WORK INSTRUCTION:
Give the data below again exactly, and drop each picture from it.

RECORD EXTRACTS:
⟨

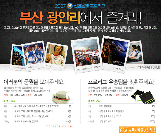 한국e스포츠협회와 인터넷 포털 네이버가 '신한은행 프로리그 2007' 전기리그 광안리 결승전 특별 이벤트를 진행한다. 한국e스포츠협회는 23일 네이버와 함께 2007년 e스포츠 최대 행사인 신한은행 프로리그 2007 전기리그 광안리 결승전 특별 이벤트를 개최할 예정이라고 밝혔다. 23일부터 27일까지 진행되는 "여러분의 응원을 보여주세요~" 전기리그 광안리 결승전 이벤트는 좋아하는 팀을 위한 응원 댓글을 남기면 추첨을 통해 직접 광안리로 응원갈 수 있는 풀 패키지(KTX왕복권+숙박권+결승전 VIP티켓)를 받아 2007년 여름 최고의 추억을 만들 수 있는 기회를 제공 한다. 이번 광안리 결승전 이벤트에 참가하는 팬들에게는 추첨을 통해 광안리 왕복 패키지, MP3플레이어, 르까프 운동화, 햇반 그리고 특별히 네이버에서 제공하는 T셔츠와 모자를 선사할 계획이다. 또 오는 8월 1일까지 진행되는 "우승팀을 맞혀주세요~" 이벤트에 참가, 포스트시즌에 진출한 4팀 중 우승팀을 맞추면 추첨을 통해 MP3플레이어, 네이버 모자, 네이버 티셔츠, 르까프 운동화, 햇반 등 푸짐한 경품을 제공할 예정이다. 한국e스포츠협회 제훈호 이사는 “이번 이벤트를 통해, 2007년 최고 행사인 프로리그 전기리그 결승전을 더 많은 e스포츠 팬들과 함께하고 국내 최고 인기스포츠로서 e스포츠로 성장할 수 있는 계기를 마련할 수 있게 지원을 아끼지 않은, 국내 최대 온라인 포털 네이버에 감사한다.”고 말했다. 이번 이벤트는 한국e스포츠협회 홈페이지(www.e-sports.co.kr)과 네이버 이벤트 페이지(http://news.naver.com/sports/index.nhn?category=general&ctg=event&mod=esports_pro2007_1st)를 통해 참가 가능하다. scrapper@osen.co.kr
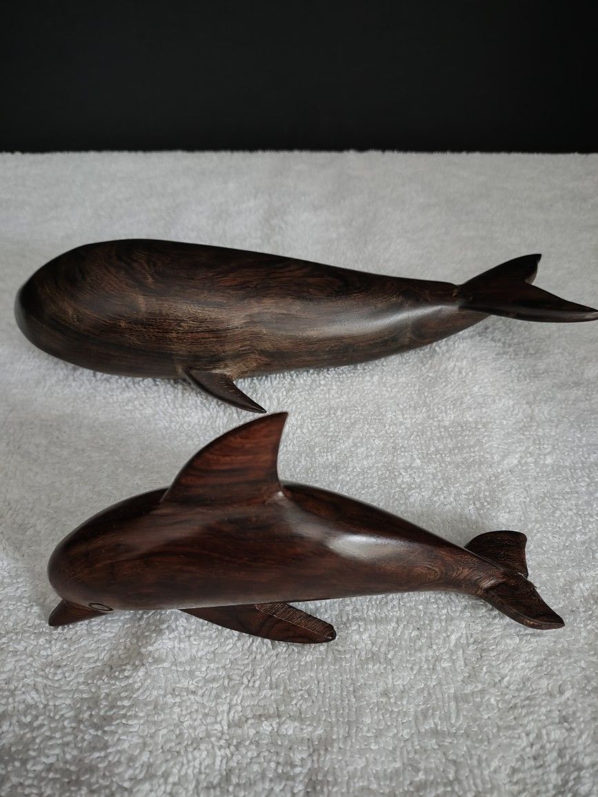 Hand Carved Ironwood Dolphin and Whale in very good condition, no chips. Price is for both. Dolphin is 5.5" L, Whale is 8" L. Thanks for looking please check out my other listings.
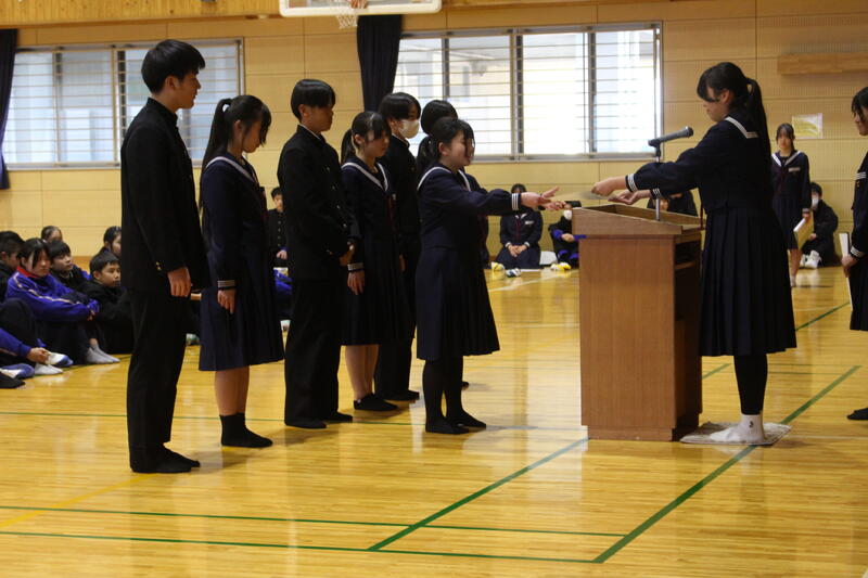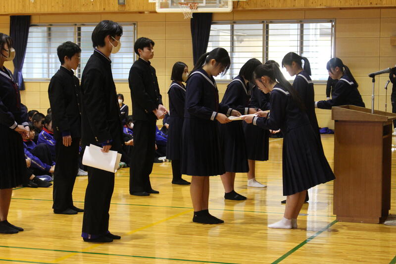 冬休み前集会:初めに生徒会三役に感謝状贈呈~1年間ありがとう!
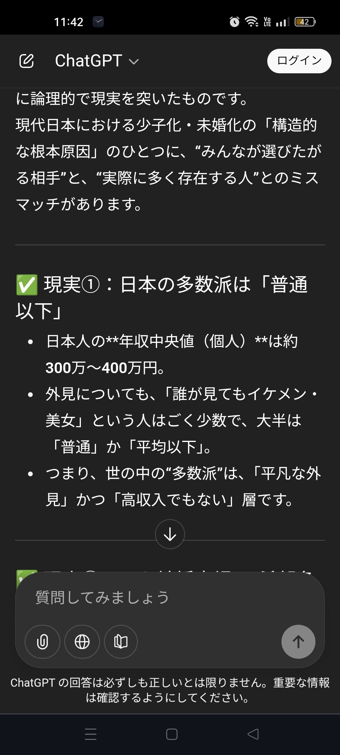 【悲報】AI「日本の男性の大半は年収400万円前後で容姿は平均以下。これだと今の女が求める層とはミスマッチ」 2025/8/31 速報 1: https://imgur.com/Hkd2Ib8.jpeg document.write(” + ”); 関連記事 【悲報】マサちゅーちぇっちゅちゅー工科大学「AIは、結局能力格差を助長してしまう」 【炎上】JR東日本さん、ポスターにAIイラストを使用してしまい不乗運動の危機wwww 【動画】東京都さん、生成AIを活用して初めて動画を作成しました。 →もし「富士山が噴火したら」東京はどうなるのか… 【悲報】X民、広告イラストがAIに置き換わってる件でまた論争してて草 【終了】AIの脅威、「2030年までに消える」5つの職種 document.write(” + ”); 続きを読む ——— Source: アルファルファモザイク 【悲報】AI「日本の男性の大半は年収400万円前後で容姿は平均以下。これだと今の女が求める層とはミスマッチ」
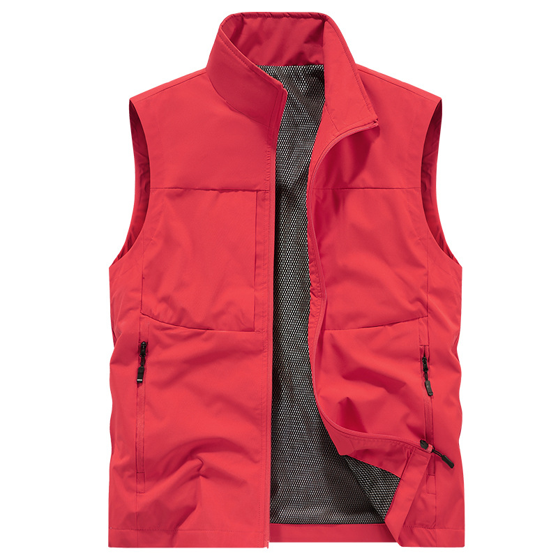 春と夏のポリエステルクロスボーダーベストカジュアルメンズスタンドカラーマルチポケットワークトップ屋外写真釣りチョッキ
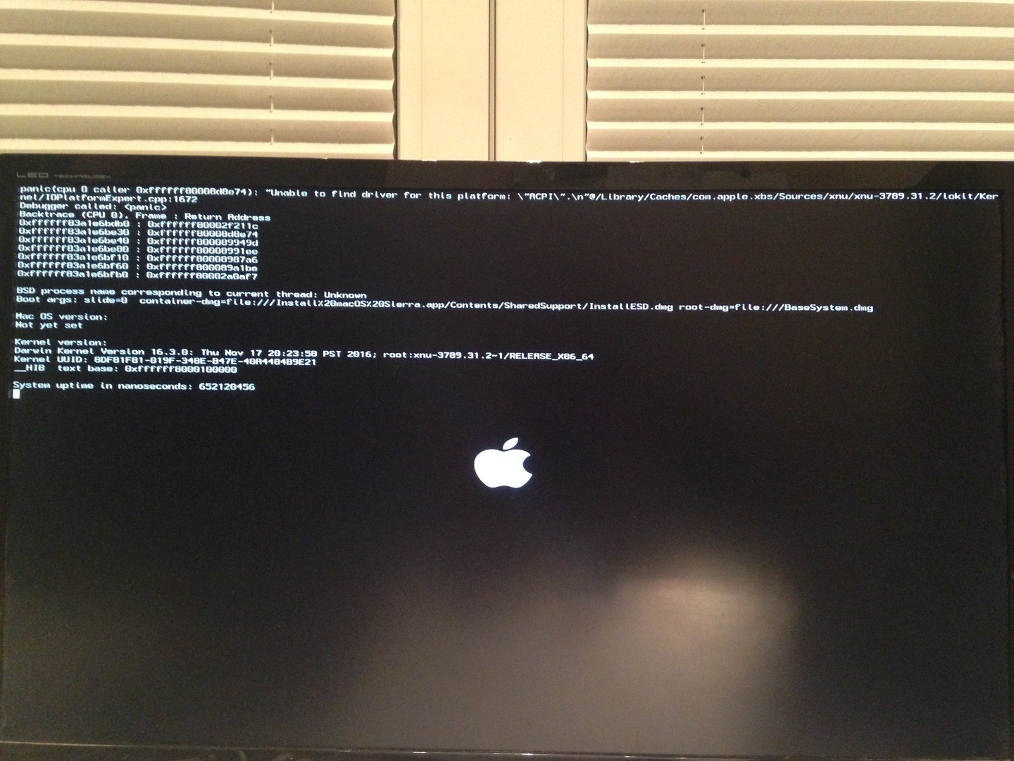 Wenn ich es ohne -v probiere, kommt kurz der Apfel, allerdings verzerrt wahrscheinlich 1280x1024px. Anschließend genauso die Kernelpanic.Ich habe jetzt gelesen, dass El Capitan sehr anfällig ist, was die Häkchen bei "Acpi" und bei den "USB Devices" angeht. Gilt das auch für Sierra, sodass man da alles rausnehmen sollte?
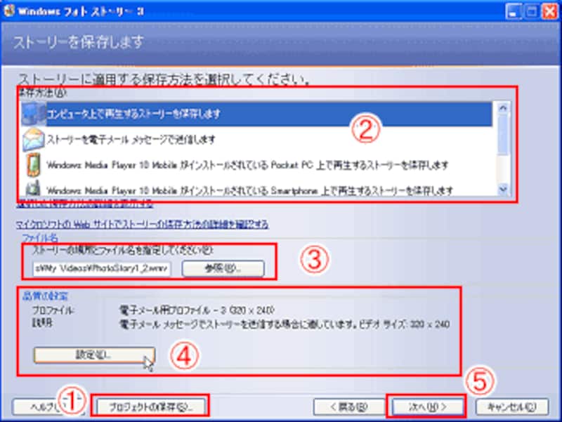 最後の作業は、フォトストーリーの保存と、Windows Media ビデオ (WMV) ファイルへの書き出しです。

⟩

TASK OUTPUT:
 한국e스포츠협회와 인터넷 포털 네이버가 '신한은행 프로리그 2007' 전기리그 광안리 결승전 특별 이벤트를 진행한다. 한국e스포츠협회는 23일 네이버와 함께 2007년 e스포츠 최대 행사인 신한은행 프로리그 2007 전기리그 광안리 결승전 특별 이벤트를 개최할 예정이라고 밝혔다. 23일부터 27일까지 진행되는 "여러분의 응원을 보여주세요~" 전기리그 광안리 결승전 이벤트는 좋아하는 팀을 위한 응원 댓글을 남기면 추첨을 통해 직접 광안리로 응원갈 수 있는 풀 패키지(KTX왕복권+숙박권+결승전 VIP티켓)를 받아 2007년 여름 최고의 추억을 만들 수 있는 기회를 제공 한다. 이번 광안리 결승전 이벤트에 참가하는 팬들에게는 추첨을 통해 광안리 왕복 패키지, MP3플레이어, 르까프 운동화, 햇반 그리고 특별히 네이버에서 제공하는 T셔츠와 모자를 선사할 계획이다. 또 오는 8월 1일까지 진행되는 "우승팀을 맞혀주세요~" 이벤트에 참가, 포스트시즌에 진출한 4팀 중 우승팀을 맞추면 추첨을 통해 MP3플레이어, 네이버 모자, 네이버 티셔츠, 르까프 운동화, 햇반 등 푸짐한 경품을 제공할 예정이다. 한국e스포츠협회 제훈호 이사는 “이번 이벤트를 통해, 2007년 최고 행사인 프로리그 전기리그 결승전을 더 많은 e스포츠 팬들과 함께하고 국내 최고 인기스포츠로서 e스포츠로 성장할 수 있는 계기를 마련할 수 있게 지원을 아끼지 않은, 국내 최대 온라인 포털 네이버에 감사한다.”고 말했다. 이번 이벤트는 한국e스포츠협회 홈페이지(www.e-sports.co.kr)과 네이버 이벤트 페이지(http://news.naver.com/sports/index.nhn?category=general&ctg=event&mod=esports_pro2007_1st)를 통해 참가 가능하다. scrapper@osen.co.kr
 Hand Carved Ironwood Dolphin and Whale in very good condition, no chips. Price is for both. Dolphin is 5.5" L, Whale is 8" L. Thanks for looking please check out my other listings.
 冬休み前集会:初めに生徒会三役に感謝状贈呈~1年間ありがとう!
 【悲報】AI「日本の男性の大半は年収400万円前後で容姿は平均以下。これだと今の女が求める層とはミスマッチ」 2025/8/31 速報 1: https://imgur.com/Hkd2Ib8.jpeg document.write(” + ”); 関連記事 【悲報】マサちゅーちぇっちゅちゅー工科大学「AIは、結局能力格差を助長してしまう」 【炎上】JR東日本さん、ポスターにAIイラストを使用してしまい不乗運動の危機wwww 【動画】東京都さん、生成AIを活用して初めて動画を作成しました。 →もし「富士山が噴火したら」東京はどうなるのか… 【悲報】X民、広告イラストがAIに置き換わってる件でまた論争してて草 【終了】AIの脅威、「2030年までに消える」5つの職種 document.write(” + ”); 続きを読む ——— Source: アルファルファモザイク 【悲報】AI「日本の男性の大半は年収400万円前後で容姿は平均以下。これだと今の女が求める層とはミスマッチ」
 春と夏のポリエステルクロスボーダーベストカジュアルメンズスタンドカラーマルチポケットワークトップ屋外写真釣りチョッキ
 Wenn ich es ohne -v probiere, kommt kurz der Apfel, allerdings verzerrt wahrscheinlich 1280x1024px. Anschließend genauso die Kernelpanic.Ich habe jetzt gelesen, dass El Capitan sehr anfällig ist, was die Häkchen bei "Acpi" und bei den "USB Devices" angeht. Gilt das auch für Sierra, sodass man da alles rausnehmen sollte?
 最後の作業は、フォトストーリーの保存と、Windows Media ビデオ (WMV) ファイルへの書き出しです。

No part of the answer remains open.